Tranquillement installé dans son bureau, Vitto nous montre quelques photos où on peut l'apercevoir à côté du Pape. “Je les garde dans cette pochette, car j'ai un peu honte de les mettre au mur”.

On ressort prestement car Vitto veut absolument nous faire voir la Casbah – quartier d'émigrés tunisiens où les carabinieri n'ont par le droit de cité. C'est incroyable le nombre de lieux au monde ou les forces de sécurité sont bannis! Déambulation dans les dédales, petites ruelles colorées où les mosquées se font discrètes dans cette ville aux cent églises. On raconte que les maisons de dieu sont toutes tournées vers la Méditerranée, une façon de provoquer les “barbares” musulmans. Le quartier est en pleine réhabilitation grâce aux fonds constitué à la suite du terrible tremblement de terre de 1968. Qu'ils sont fourbes ces italiens! On entre dans un jolie petite boutique. Vitto soutien l'activité de cette coopérative où des femmes reçoivent une éducation gratuite et travaillent à la création artisanale de tapis.
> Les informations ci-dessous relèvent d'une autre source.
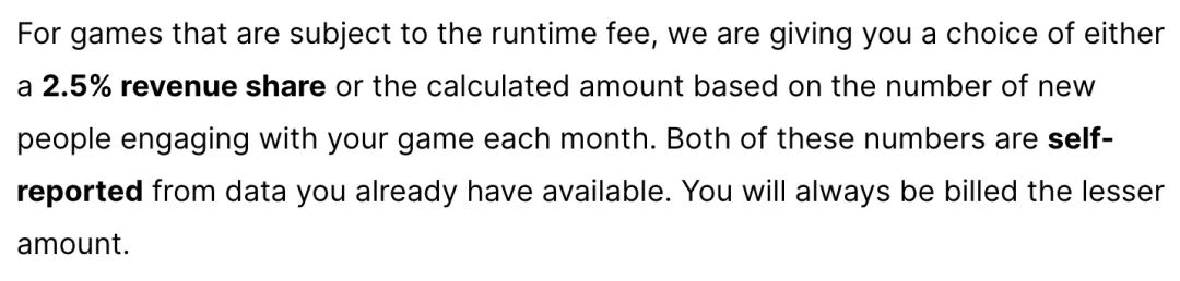然而CEO是不可能换的,价格也是不可能完全不调整的,Unity最新的政策调整非常鸡贼的选择了一个很微妙的尺度,看似做出了巨大让步,但收“安装费”这个核心没有变。

Plus loin, nous longeons le port, son marché de poisson à la criée où, la veille, Vitto a acheté les crevettes et calamars qui orneront plus tard notre repas. On s'arrête quelques minutes attendris devant le petit bateau que notre hôte rêve d'acheter pour son loisir.

Prochaine escale, le musée de la marine. Vitto me glisse a l'oreille que toutes les pièces exposées n'ont pas été trouvées dans la mer mais dans les jardins et maisons des pêcheurs. Qu'ils sont fourbes ces italiens. Je signe le Livre d'or du nom de Satyre, la statut de bronze vedette de l'exposition, et Vitto me succède en paraphant son message par Jean Paul II.

Retour au séminaire. Alors que les gamins se gavent de hot dog au son d'Eros Ramazzoti, nous nous réjouissons des fruits abondants de la mer tout en dégustant une bonne bouteille de vin blanc, sous le regard me semble-t-il jaloux, d'un Christ trop longtemps resté sur sa croix. Et Vitto continue de nous régaler : “Elle, elle veut faire son voeux de chasteté. Lui, c'est le dernier communiste de Mazzara. Lui, c'est notre plus jeune séminariste. Il veut absolument entrer des les ordres. Son problème, c'est qu'il est plutôt beau gosse et il reçoit des dizaines de SMS de minettes qui tentent en vain pour le moment de lui faire changer d'avis. Lui, on peut pas dire qu'il a les mêmes atouts physiques! Mais j'ai pas l'impression qu'il soit vraiment impliqué. Je lui ai conseillé de se taper une fille afin d'éclairer son choix”. Un prêtre s'approche. “Ah, vous habitez Kenya? Vous devez connaître soeur Roberta”? Euh, non. “Si, si, elle est très connue dans ce pays”. Euh, non!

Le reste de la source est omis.